**Dataset excerpts**
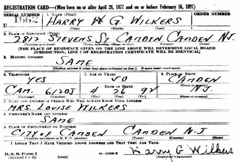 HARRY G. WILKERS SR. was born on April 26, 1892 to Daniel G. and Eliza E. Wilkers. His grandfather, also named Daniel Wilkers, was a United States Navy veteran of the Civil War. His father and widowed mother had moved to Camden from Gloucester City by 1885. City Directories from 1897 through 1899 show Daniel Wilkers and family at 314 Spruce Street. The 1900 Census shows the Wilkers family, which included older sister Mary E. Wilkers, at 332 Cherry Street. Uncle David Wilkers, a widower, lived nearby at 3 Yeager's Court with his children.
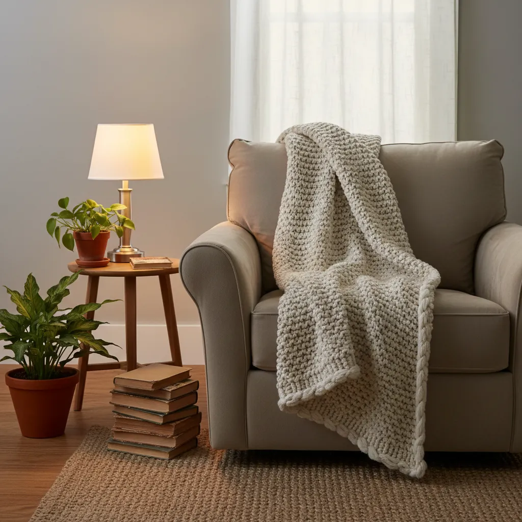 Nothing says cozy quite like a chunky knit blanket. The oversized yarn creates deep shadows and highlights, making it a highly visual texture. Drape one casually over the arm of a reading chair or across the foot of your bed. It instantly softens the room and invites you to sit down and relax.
---
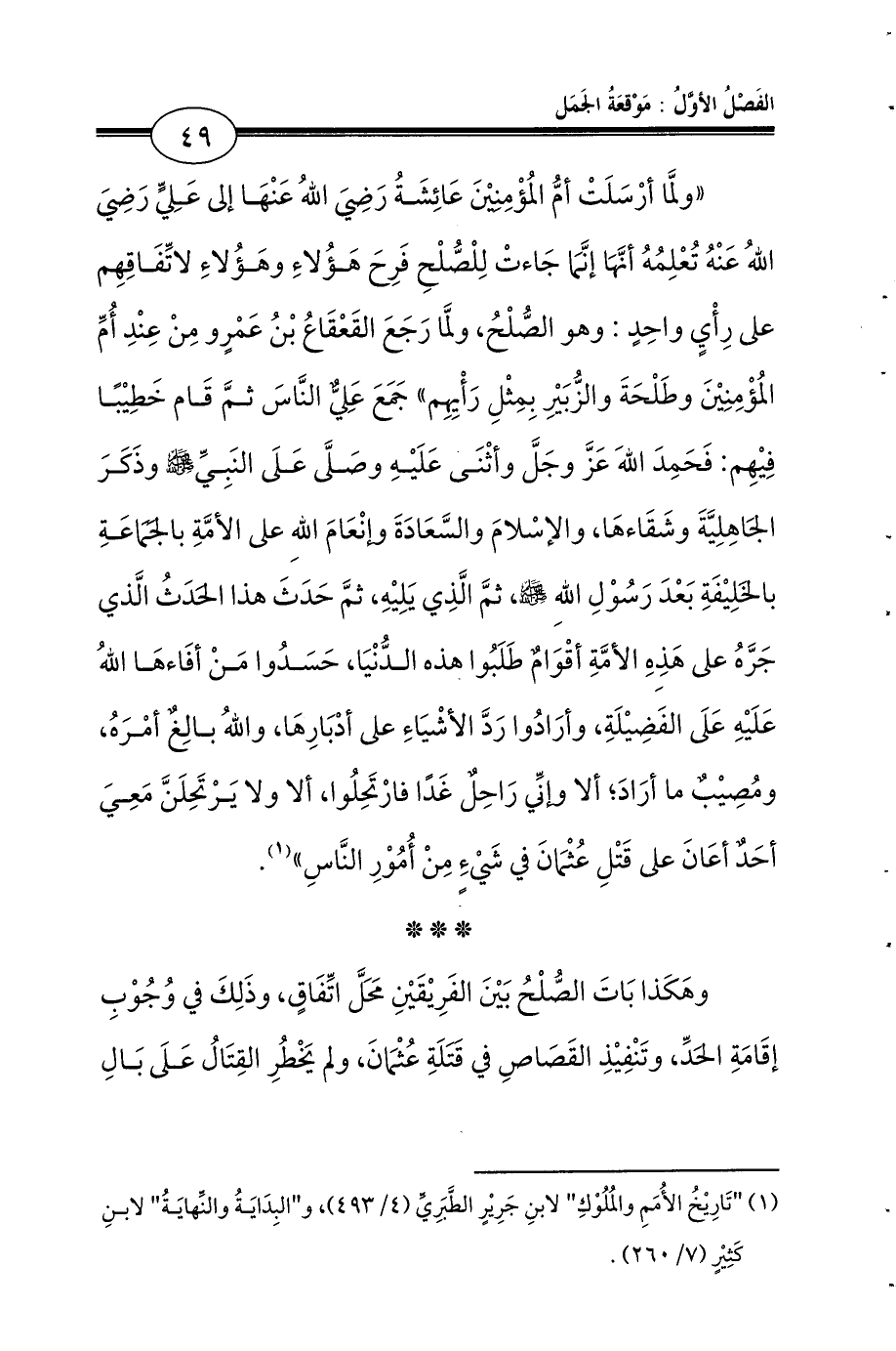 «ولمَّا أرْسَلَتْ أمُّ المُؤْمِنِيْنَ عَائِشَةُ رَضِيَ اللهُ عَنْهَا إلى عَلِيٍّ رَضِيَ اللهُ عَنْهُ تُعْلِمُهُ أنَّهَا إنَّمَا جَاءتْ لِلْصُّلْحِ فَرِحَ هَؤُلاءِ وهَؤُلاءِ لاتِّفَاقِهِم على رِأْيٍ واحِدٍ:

**Exercise prompt**
Copy exactly the lines of the listing above between the one holding "HARRY G. WILKERS" and the one holding "Nothing says cozy", inclusive; omit all pictures.

**Answer to the exercise**
 HARRY G. WILKERS SR. was born on April 26, 1892 to Daniel G. and Eliza E. Wilkers. His grandfather, also named Daniel Wilkers, was a United States Navy veteran of the Civil War. His father and widowed mother had moved to Camden from Gloucester City by 1885. City Directories from 1897 through 1899 show Daniel Wilkers and family at 314 Spruce Street. The 1900 Census shows the Wilkers family, which included older sister Mary E. Wilkers, at 332 Cherry Street. Uncle David Wilkers, a widower, lived nearby at 3 Yeager's Court with his children.
 Nothing says cozy quite like a chunky knit blanket. The oversized yarn creates deep shadows and highlights, making it a highly visual texture. Drape one casually over the arm of a reading chair or across the foot of your bed. It instantly softens the room and invites you to sit down and relax.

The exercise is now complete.